Goldman Sachs, John Paulson and Magnetar may not have been so exceptional. Those entities created toxic financings, known as synthetic CDOs, which were designed to fail. Step 1 was to select hyper-leveraged slices of dodgy subprime bonds for the CDO; Step 2 was to purchase the tiny sliver of CDO equity in order to signal a vote of confidence to investors who might buy more senior slices of CDO debt; Step 3 was to place a much larger bet that the senior debt would default. The equity was a small loss leader used to get the deal done. The big payoff came from The Big Short on the senior slices, which was kept secret from other investors and from the public. The FCIC indicates that plenty of other hedge funds also made money on the exact same scheme:
"Investors, usually hedge funds, often used credit default swaps to take offsetting positions in different tranches of the same CDO security; that way they could make some money as long as the CDOs performed, but they stood to make more money if the entire market crashed. An FCIC survey of more than 170 hedge funds encompassing over $1.1 trillion in assets as of early 2010 found this to be a common strategy among medium-size hedge funds: of all the CDOs issued in the second half of 2006, more than half of the equity tranches were purchased by hedge funds that also shorted other tranches. The same approach was being used in the mortgage-backed securities market as well.
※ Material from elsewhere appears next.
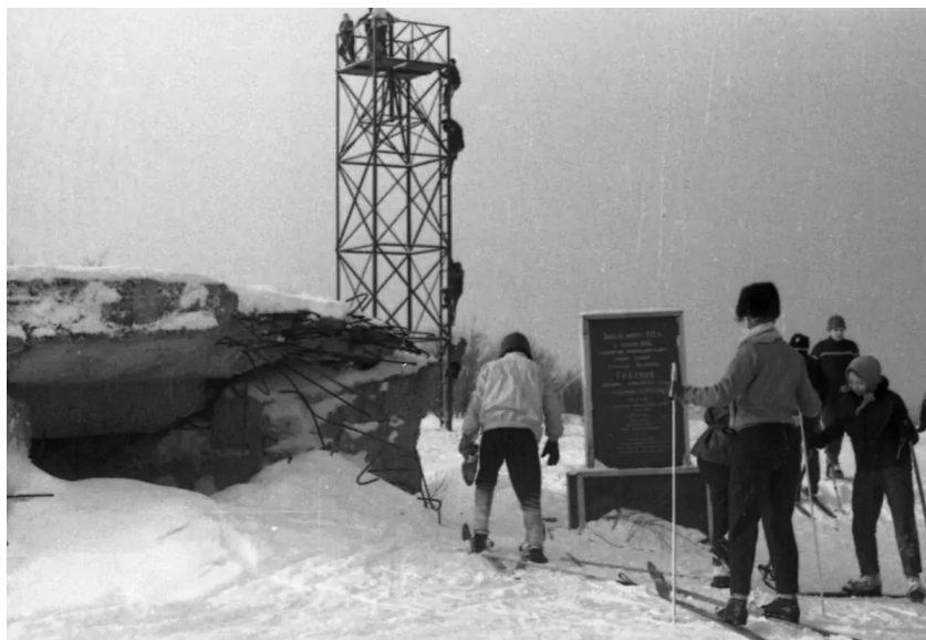
Фото 4 – Лыжники у Дота Типанова, конец 60-х годов XX века

разрушенном состоянии и в 60-е годы был увековечен памятной доской и небольшим обелиском (фото 4) [см.: 6].

The FCIC's survey found that by June 2007, the largest hedge funds held $25 billion in equity and other lower-rated tranches of mortgage-backed securities. These were more than offset by $45 billion in short positions."
More specifically, those equity investors were not betting on the crash of an entire market; they were betting against a specific portfolio of mortgage securities, which they might have selected. Here's how Merrill Lynch characterized the process:
"It was also common throughout the industry for the equity investor in a CDO, which had the riskiest investment, to have input during the collateral selection process. As mentioned above, however, the collateral manager made the ultimate decisions regarding portfolio composition. Like investors in any asset class, investors in a CDO's riskier, more-junior tranches, including the equity, would commonly attempt to hedge those positions either by shorting higher-rated securities in the capital structure or by purchasing credit protection on specific portfolio assets. This "long/short" strategy was well known by traders across the industr y."
It's impossible to respond to that kind of sophistry without belaboring the obvious. Almost every trader pursues a "long/short" strategy. His net position reveals his true intentions and motivations. But as the FCIC revealed, equity investors were not interested in netting out their risk exposures at anything close to zero. They took net short positions on financings that had no legitimate business purpose. These synthetic CDOs neither financed nor repackaged financings of home mortgages. Though they were comprised of credit default swaps insuring mortgage bonds, they did not necessarily provide for a reallocation of credit risk. (These CDOs usually provided for financial settlement, meaning that the credit protection buyer never needed to own the asset being insured.) And, because almost everything about CDOs is kept secret, these deals added no liquidity or price discovery to the marketplace. If your overriding motivation is to make money on a short position, then you want the deal to fail.
As of this writing, the FCIC has not yet published its Hedge Fund Survey, which pulls back the curtain on the conflicted motivations of CDO investors. The FCIC noted that its survey did not include hedge funds that had either liquidated or closed. Those funds might have taken net long positions in mortgage securities.